ニューヨークのバレエ学校で心技体を磨いたさくらは、
ブルガリアのバレエ団ーステイトオペラ スタラザゴラ に就職が決まり
日本に一時帰国していた。
待っていたヴィザが下り、明後日出発というあわただしさの中、
前から約束していたお茶する日が、完全にお見送りの日(しかもギリギリ!)になった。
JR大阪駅で待ち合わせ、中崎町へ。
ブルガリアのバレエ団では公務員待遇なので、トゥシューズが支給されるが、
当座、自分に合うものを持っていかないのは不安なので三足買ってきたと言っていた。
とにかくものすごいスピードで履きつぶしてしまうものなのだという。
履きつぶしたやつはどうするの?
ニューヨークで棄てにくくて溜めてたら、最後ロッカーから雪崩を起こすぐらいになって、仕方なく棄ててきたという。
売ればいいのに。
そういう趣味の人が嗅いで悦ぶと思うというと
えええ! 今、ぞわぞわって来たと言っていた。(苦笑)
さくらが、ここ感じよさそうといった喫茶はレコードでジャズをかけている
感じのいい店だった。
コルトレーンが流れる。
さくらの意識がふーっとそっちに引っ張られていくのがわかる。
もはや一種のトランスだ。
これ、敏感すぎ。(-_-;)
霊感とはまた違うけど、生活に不自由なほど、敏感ではないか。
だけど、それが、さくらの才能なのだ。
その全部を自分の中で昇華してダンスにしてしまう。
それは混沌として、しかも妖艶だ。
だから身長153センチの彼女が、高さもスタイルもまるで異なる外国人にも混じっても、光るのだ。
「私だって恋をしたい」の第一章胎児のシーン読んだ?
あ、あそこはまだなの。
とその場で開いて、「うわああ、生々しすぎてダメだあ。
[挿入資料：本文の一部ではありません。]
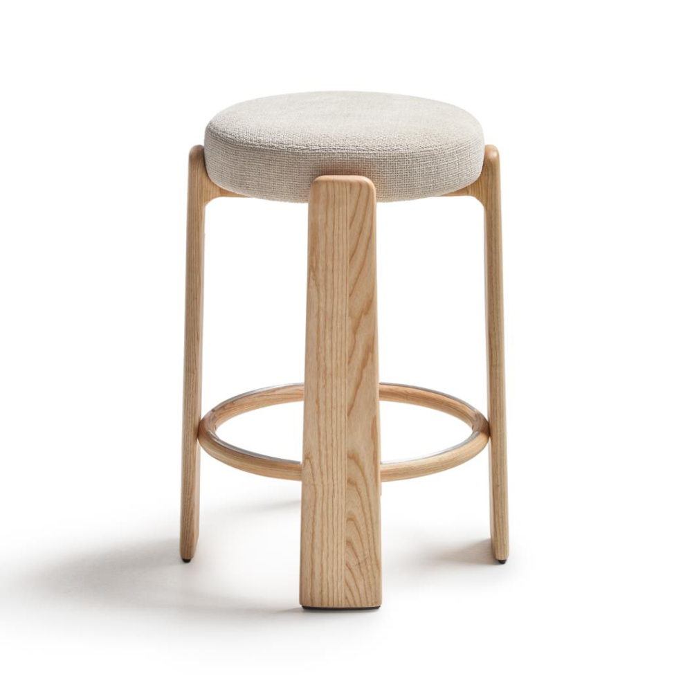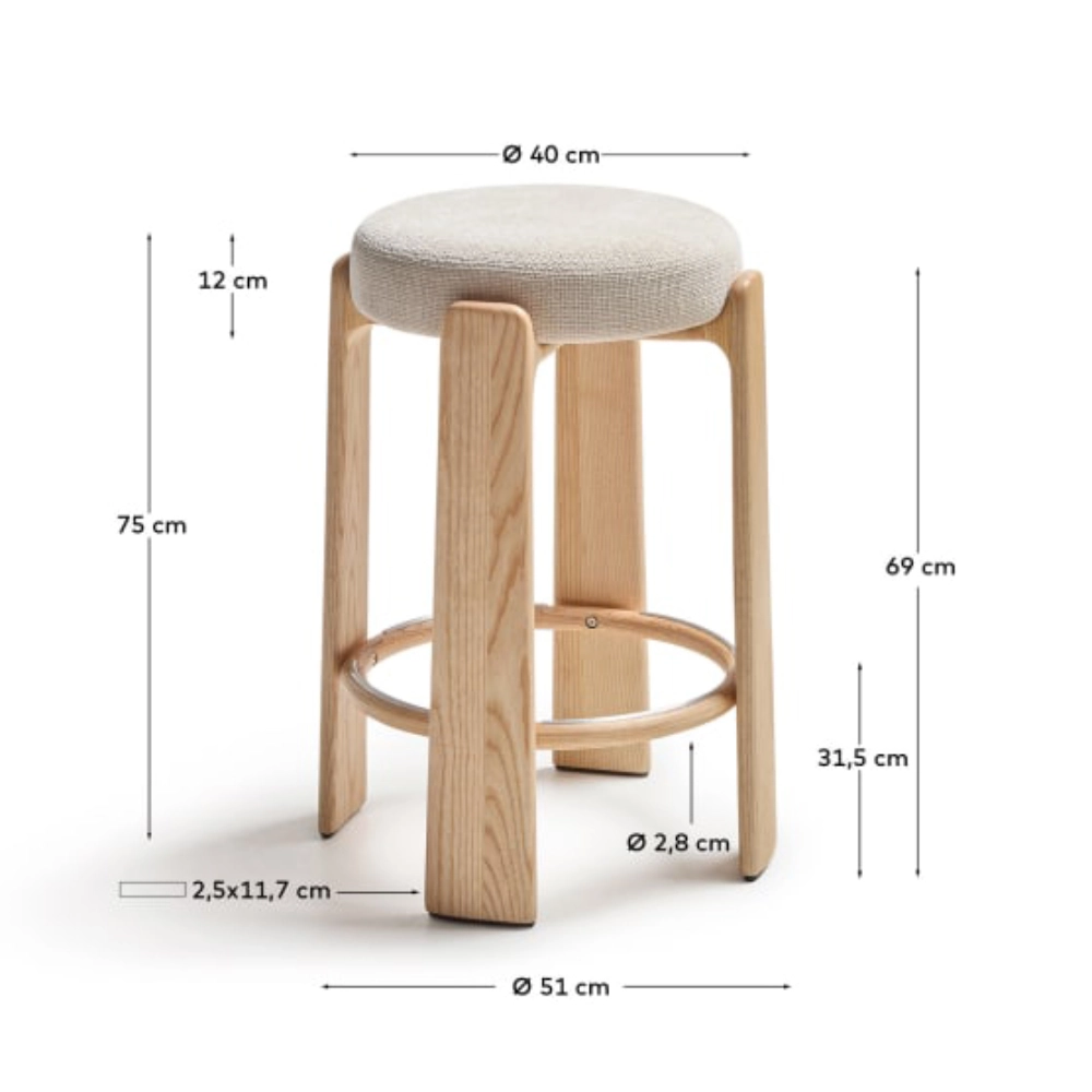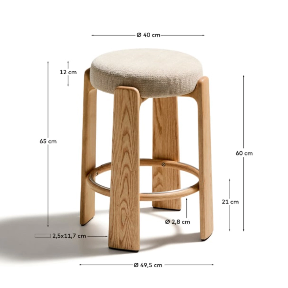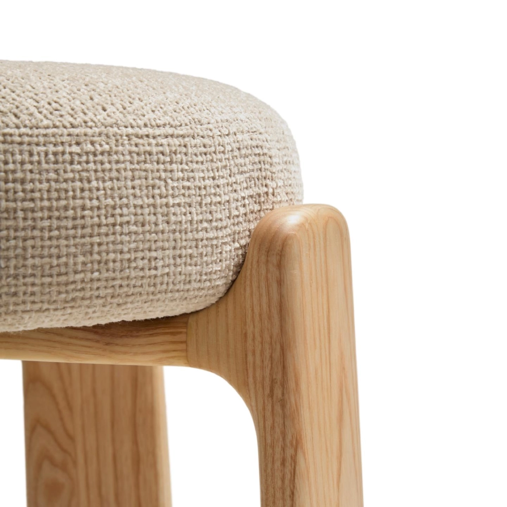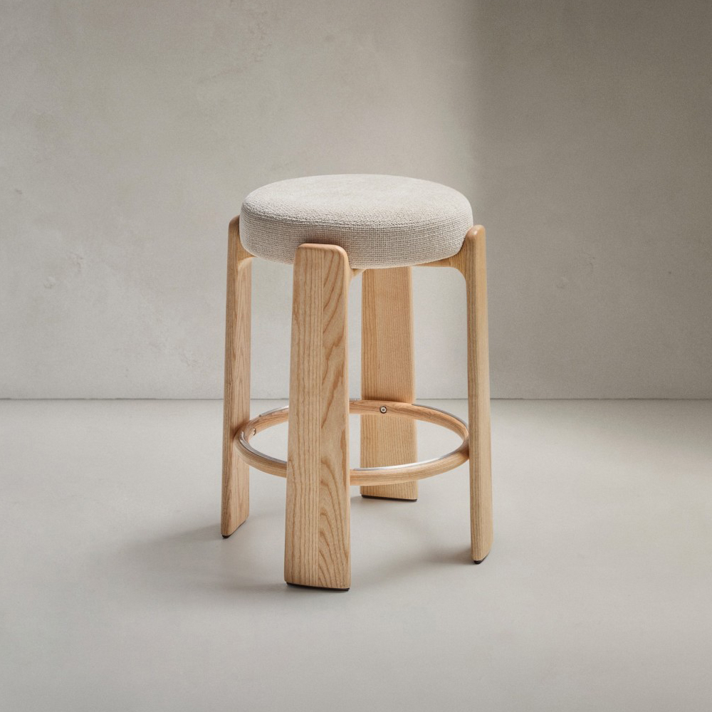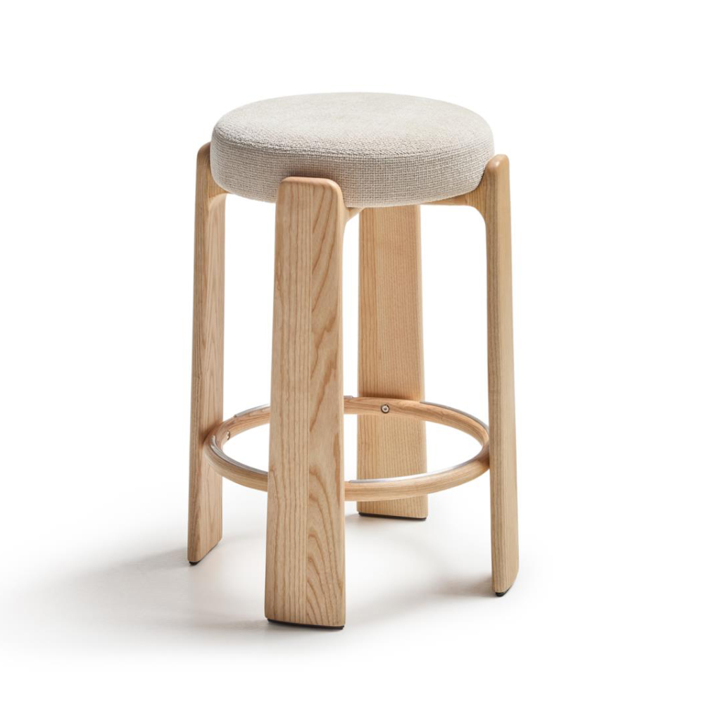 Banco alto madeira de freixo estofado bege Grani

あとでゆっくりひとりで読みたい」
聞いてると、さくらが「ダメだあ」と言うのは、若者言葉の「ヤバイ」に近い。
否定しているのではなく、ぬるっとコントロール不能のカオスに持っていかれ、トランスに入ってしまうという意味合いだ。
「食人華という、人を食べる華の話も書いたんだけど」
「え、ダメだああ」
そんなに!?
僕が紡ぎだした表現の頂点でやっと感じるヤバイ感じが、ワンワードですぐに入ってくる体質がわかる。
それはバレエというジャンルとは少しずれている。
むしろコンテンポラリーダンス?
変態画家?
それらは全部生々しいカオスという意味において共通している。
そうか、いちいち体に入れるんだ。
疲れそう。
でも踊っているときはそのすべてが透明になるのではないか?
僕もそうして書こうかな?
ああ、コルトレーンが、さくらの体に入っていくのが見える。
さくらが目を閉じ、肩が揺れる。
まだ見たことのない彼女のバレエが見てみたいと本気で思った。
これを全部昇華して踊るなら、普通のバレリーナじゃない。
もっとトータルなアートではないか。
トゥシューズを見せてもらった。
基本的に木製なのだと触ってみて僕はその感触を初めて味わう。
トゥシューズと一緒の撮ろうというと、かわいく持つのではなく、かぶりつく真似をする。
ただしい選択だ。😂
紅茶やコーヒーの味わい方もすべてが共通している。
一種のトランスという意味で。
いちいちトランスに入りすぎやろ。
彼女はあらゆるバイブレーションを清濁併せ呑んでダンスに昇華する特別の才能がある。
繰り返しになるが、
だから、長身の立っただけで美しい外国人に対抗できるのだ。
帰り道、イルミネーションのところで一枚だけ撮ってと言われたので撮った。
僕は彼女のバレエを見に、バリアだらけのブルガリアに電動車いすで行けるだろうか?
ソフィアまで迎えに来てくれるというけど。